Adnan Ghalib Britney-Videos für zwei Millionen angeboten


Zahltag für Adnan Ghalib: Der Paparazzo und Liebhaber von Britney Spears bietet intime Videos der Sängerin zum Verkauf an. Für zwei Millionen Dollar bekommt man zu sehen, dass Britney noch durchgeknallter ist als bisher befürchtet.
Von Frank Siering, L.A.

Das Kerzenlicht schimmert im Hintergrund, der Weichzeichner zeigt einen reumütigen Adnan Ghalib, der leise aber bestimmt in die Kamera spricht. Exklusiv hatte sich der Zeitweise-Liebhaber von Britney Spears von der Entertainment-Show "The Insider" interviewen lassen. Es ging um Britney Spears und um viel Geld: Einen hohen sechsstelligen Dollarbetrag sollen die Produzenten der Show für das Gespräch mit Ghalib hingeblättert haben.

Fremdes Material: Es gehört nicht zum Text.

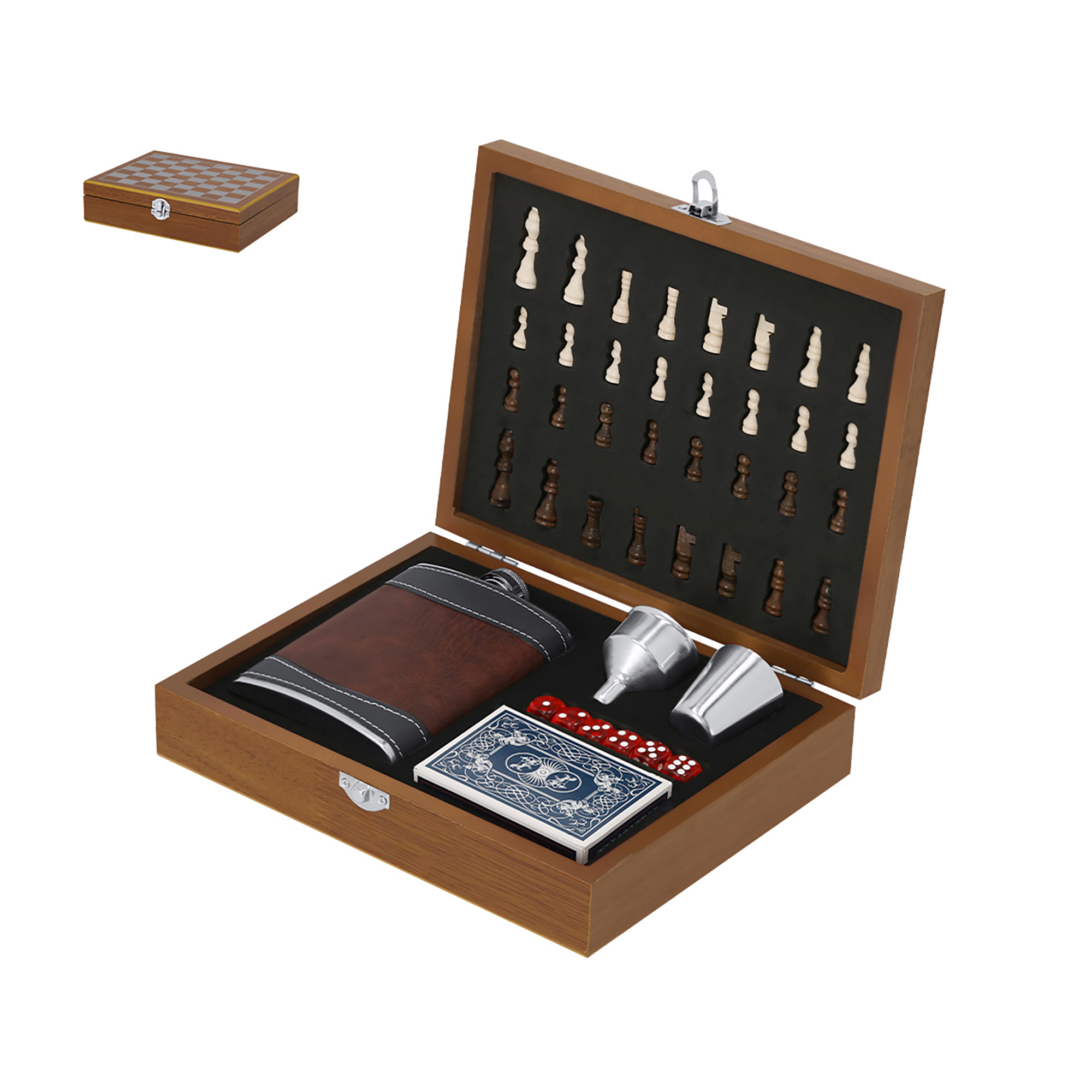 Detailled descriptionSet Fiaschetta MenzieSet originale di flask con finitura in legno e design a scacchi. Include chiusura di sicurezza e accessori in acciaio inossidabile rivestiti in PUContiene una flask di 220 ml con tappo a vite antigoccia, un bicchierino, un pratico imbuto, un mazzo di carte da poker e sei dadi rossi Presentato in una elegante custodia con scacchiera e un interno in schiuma sagomata Incorpora 16 pezzi di scacchi in colore beige e 16 in marroneLegno

Viel zu sagen hatte Ghalib freilich nicht. Aber das schien den Machern der Sendung ebenso egal zu sein, wie dem Protagonisten. Hauptsache es kommt ein bisschen Cash dabei herum. Und Geld hat er offenbar dringend nötig. Dass er ein geschäftstüchtiger Junge ist, beweist Ghalib auch mit seinem neusten Coup: Er hat verschiedenen Sendern eine sechsteilige Videoclip-Reihe, die Britney "so privat wie nie zuvor zeigt", zum Kauf angeboten. Dafür will er angeblich zwei Millionen Dollar kassieren.

Britney wird von Engeln beschützt

Die unspektakulären Clips, in denen Britney auf dem Bett sitzt, von sich in der dritten Person spricht und etwas von Engeln murmelt, die sie jetzt beschützen, entstanden bei Spears zu Hause. Das führte unweigerlich zu Spekulationen, ob sie derart zugedröhnt ist, dass sie von den Aufnahmen nichts mitbekommen hat, oder ob sie in Wahrheit mitkassiert. Alles nur Show, um die PR-Maschinerie in Gang zu halten?

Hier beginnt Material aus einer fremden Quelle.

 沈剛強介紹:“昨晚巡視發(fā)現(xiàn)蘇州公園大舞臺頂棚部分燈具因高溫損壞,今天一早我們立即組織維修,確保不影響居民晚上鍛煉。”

Sollten die höchst skurrilen Auftritte von Spears in den letzten Wochen tatsächlich nur inszeniert gewesen sein, so muss dem gefallenen Popsternchen Respekt für eine geniale Marketing-Kampagne zugesprochen werden. Freilich nur wenn man davon ausgeht, dass auch negative Schlagzeilen positive PR sind. Vom Krankenwagen in die Klapse gebracht zu werden, könnte sich einer der US-Präsidentschaftskandidaten im Vorwahlkampf jedenfalls nicht erlauben.

Jamie Lynns Baby soll zur Oma

Britney ist nicht die einzige Spears, die dieser Tage krampfhaft um öffentliche Aufmerksamkeit bettelt. Schwesterchen Jamie Lynn Spears will angeblich ihr Baby sofort nach der Geburt an die eigene Mutter abgeben, damit sie sich möglichst bald wieder auf ihre Karriere als Kinderstar konzentrieren kann, berichtet das Star-Magazin. Und die fürsorgliche Mama Lynne glaubt, dass ihre 16-jährige Tochter "noch nicht versteht, dass ein eigenes Baby eine lebenslange Verantwortung mit sich bringt". Und Mutti möchte, dass Jamie Lynne ihre restlichen Teenie-Jahre "frei und ohne große Verantwortungen genießen kann".

Bei solchen Aussagen müssen selbst bei geldgierigen Disney-Managern die Augen rollen. Offensichtlich ist ein Baby kein großer Stein im weiteren Weg nach oben auf der Entertainment-Leiter. Im Gegenteil: Jetzt erst recht, scheint Mama Lynne zu denken. Baby zur Oma, Jamie Lynne zu Disney, Geldverdienen über alles.

Zyniker munkeln, es sei wohl nur noch eine Frage der Zeit, bis Britney Spears und Schwester Jamie Lynn eine gemeinsame Reality-Show starten. "Die Chaos-Schwestern wäre ein schöner Titel", sagte einer der Studio-Manager hinter vorgehaltener Hand. Oder "Brit und Jamie, zwei Schwestern für eine Handvoll Dollar".